* **PROBLEM**:
Only the lines from the line with "cow leather sheath" through the end of the records belong in your reply, copied exactly, with every picture left out.

* **Data excerpts**:
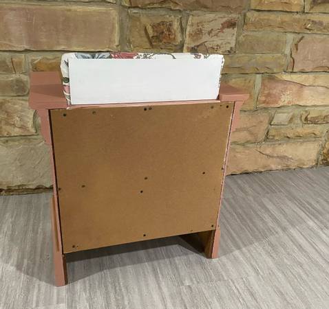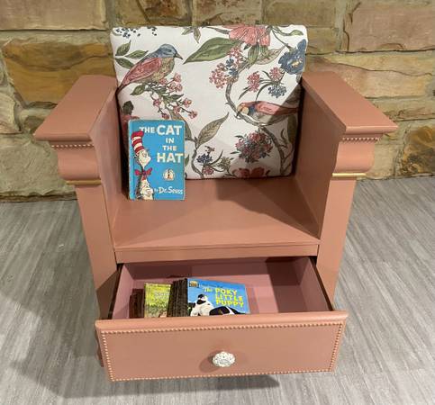 Toddler’s chair with storage. A night stand turned into an adorable child’s reading chair. Painted pink with gold accents 28” wide x 17” deep x 32” tall Pickup by Forest Pl & Bernard Dr Buffalo...
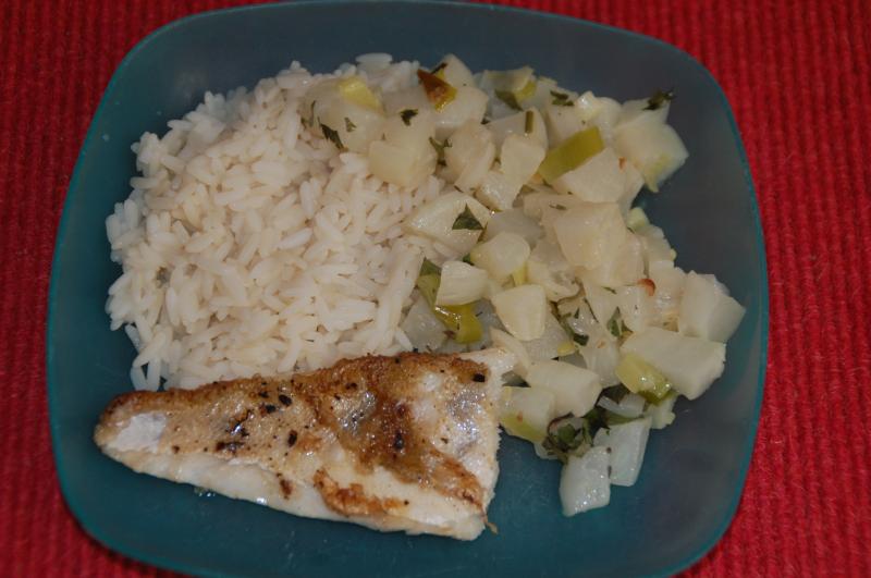 Reis mit Zander und leckerem Mairübengemüse (Mairübe, Ingwer, frischer Szechuanpfeffer, Lauchzwiebel, Salz, Butter)
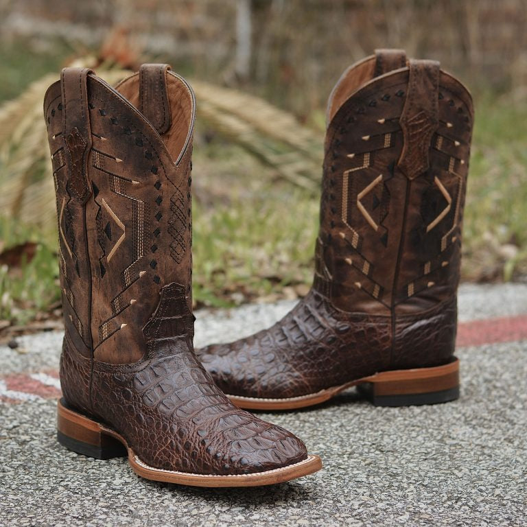 Exotic Caiman Hornback Tobacco Square Toe Boots
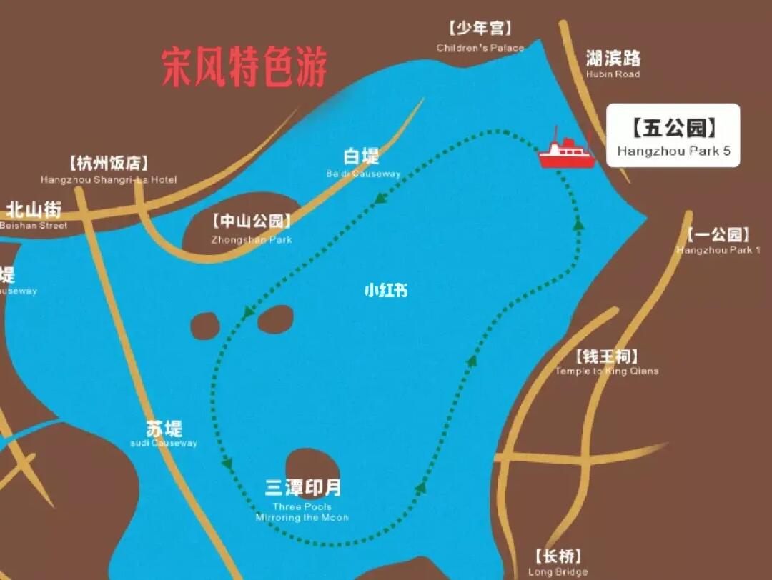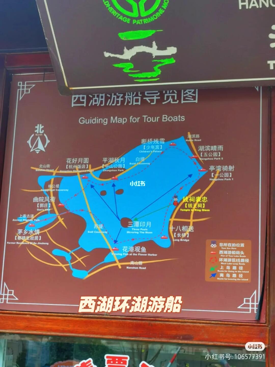 游览后可以凭票选择下列一处上岸,花港观鱼,杭饭,中山公园,湖滨
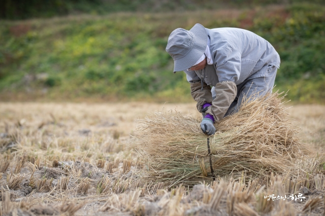 점심을 먹고 나서 오후에는 다 같이 추수가 끝난 논으로 가서 볏짚을 묶는 울력을 했습니다.
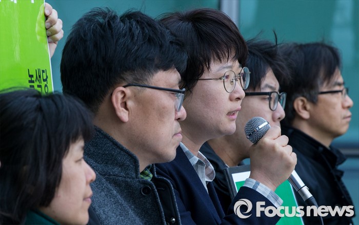 (서울=포커스뉴스) 23일 오후 서울행정법원 앞에서 열린 '청와대 상대 정보공개 소송 결과' 관련 기자회견에 참석한 이유진 녹색당 공동운영위원장이 판결 결과와 향후 대응방향에 대해 밝히고 있다.
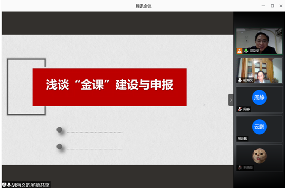 1125日晚上730,湖南师范大学文学院教授、博士生导师胡海义应邀为我系教师做了一场题为“‘金课’建设与申报”的线上讲座。讲座由中文系主任郑劭荣教授主持,文学与新闻学系副主任周云鹏、中文系全体教师、新闻系部分教师参加了此次讲座。
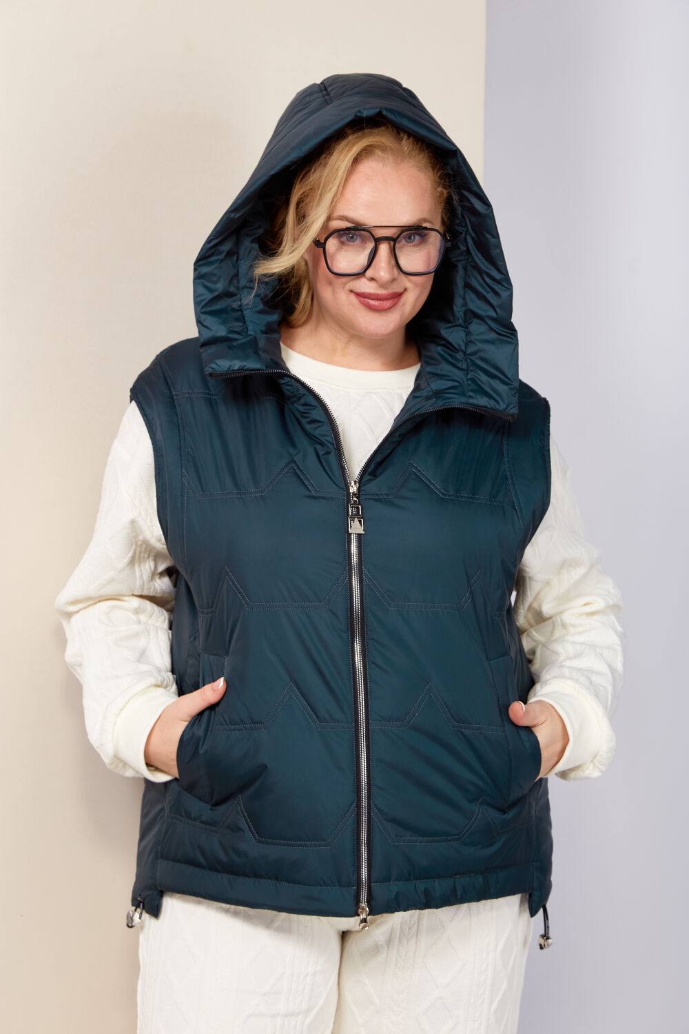 Женская жилетка с капюшоном, идеальное решение для весенних прогулок. Это классический и стильный дизайн для повседневного образа. Изделие выполнено из мягкой курточной ткани высокого качества, на тонком синтепоне. На подкладке. Жилетка повседневная удобная в носке, лёгкая в уходе и теплая. По переду центральная застежка на молнии (двухбегунковая) и действующие карманы прорезного типа на кнопках. Капюшон не сьемный. Модель чуть укороченная спереди и удлиненная сзади, что придает изделию оригинальный вид. Низ изделия на регулируемой кулисе. С внутренней стороны жилетки имеетня внутренний карман. Свободный крой обеспечивает идеальную посадку на любую фигуру, а углубленная пройма позволит носить утепленные худи, плотный трикотаж из различных материалов не сковывая ваших движений.
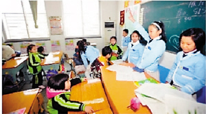 “少兒政府”的副市長和兩位局長在教室里檢查紀律
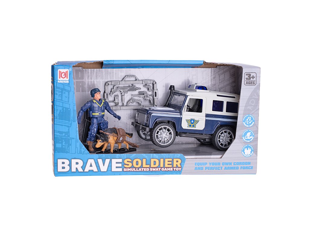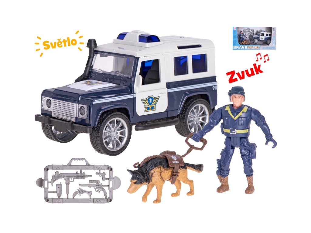 Policie dodávka 17cm na setrvačník na baterie se světlem a zvukem s doplňky v krabičce
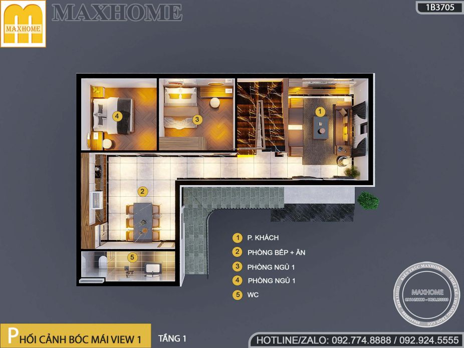 Từ sảnh chính bước vào là không gian phòng khách rộng 16,4m², được thiết kế thoáng đãng và thuận tiện cho việc tiếp khách. Kế bên là khu vực bếp ăn được bố trí gần sảnh phụ, giúp việc di chuyển và thông gió trở nên dễ dàng hơn. Nhà vệ sinh chung được đặt cạnh khu bếp, đảm bảo sự tiện lợi cho cả gia đình. Ngoài ra, tầng này còn có hai phòng ngủ nằm liền kề nhau, tạo sự gắn kết và thuận tiện trong sinh hoạt hằng ngày.
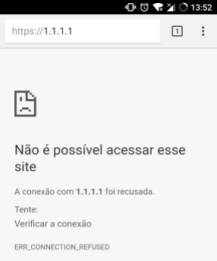 O erro a seguir ocorre devido ao DNS 1.1.1.1 ter sido adicionado como um site conhecido na versão 67 do Google Chrome
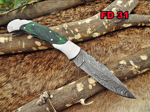 8" long Damascus steel Folding Knife, 2 Tone Green wood with Steel bolster scale, custom made 3.5" Hand Forged blade cow leather sheath
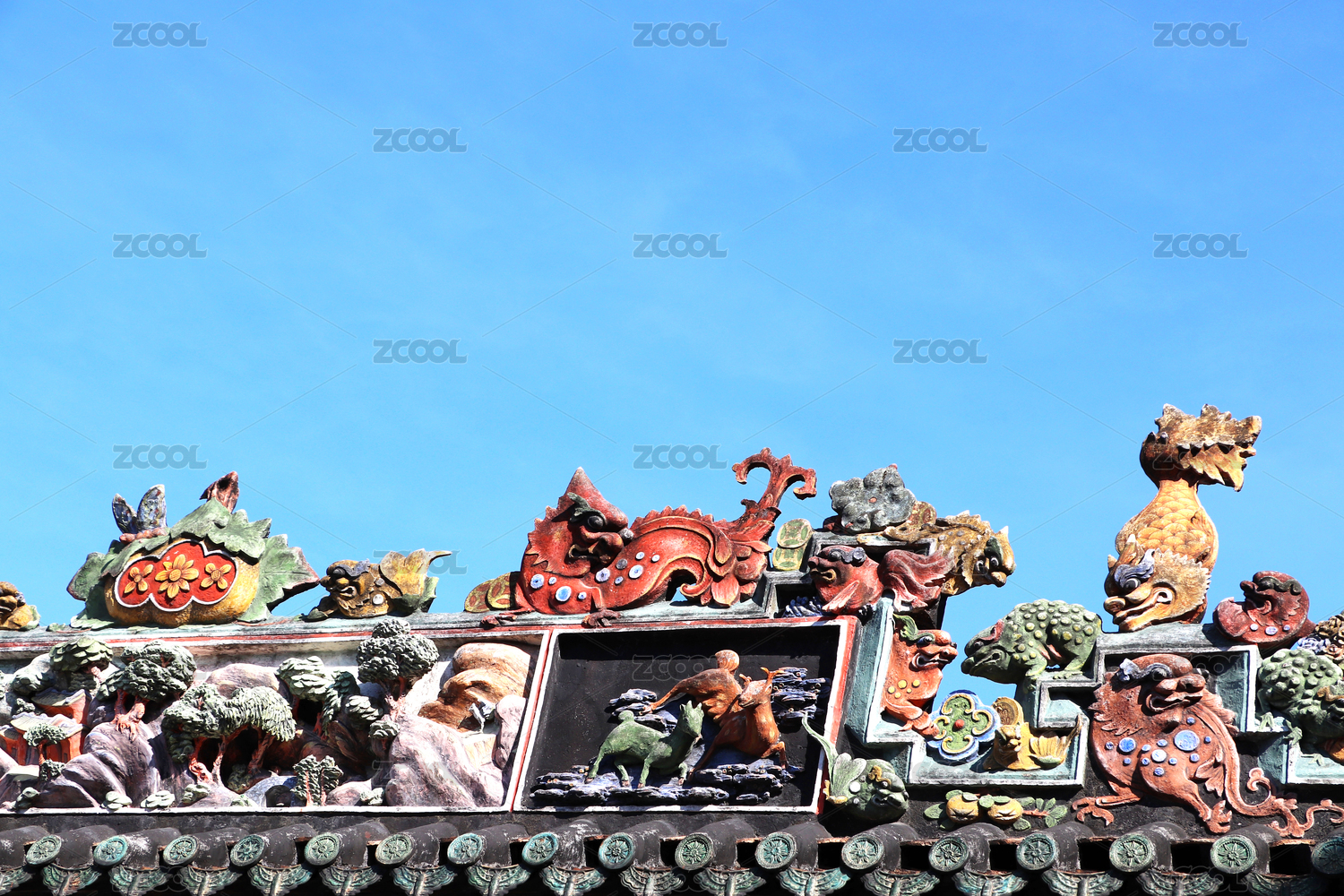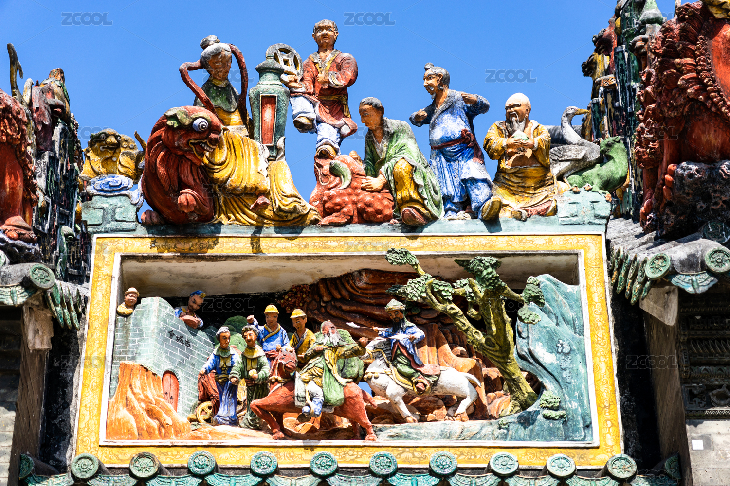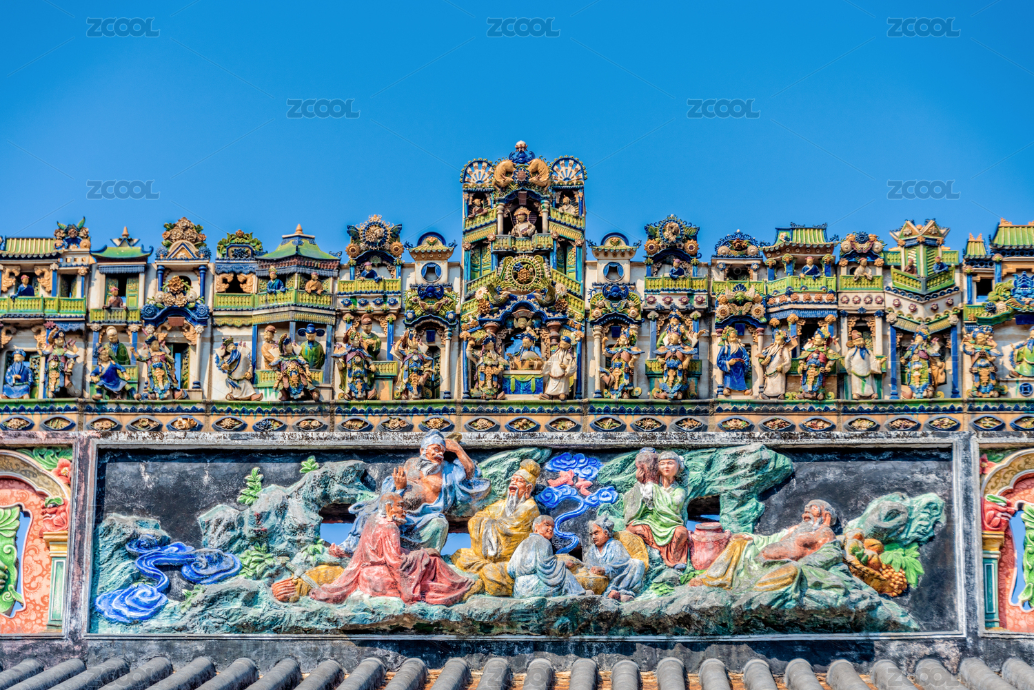中国广州陈家祠岭南建筑屋顶灰塑陶塑

* **TASK OUTPUT**:
 8" long Damascus steel Folding Knife, 2 Tone Green wood with Steel bolster scale, custom made 3.5" Hand Forged blade cow leather sheath
中国广州陈家祠岭南建筑屋顶灰塑陶塑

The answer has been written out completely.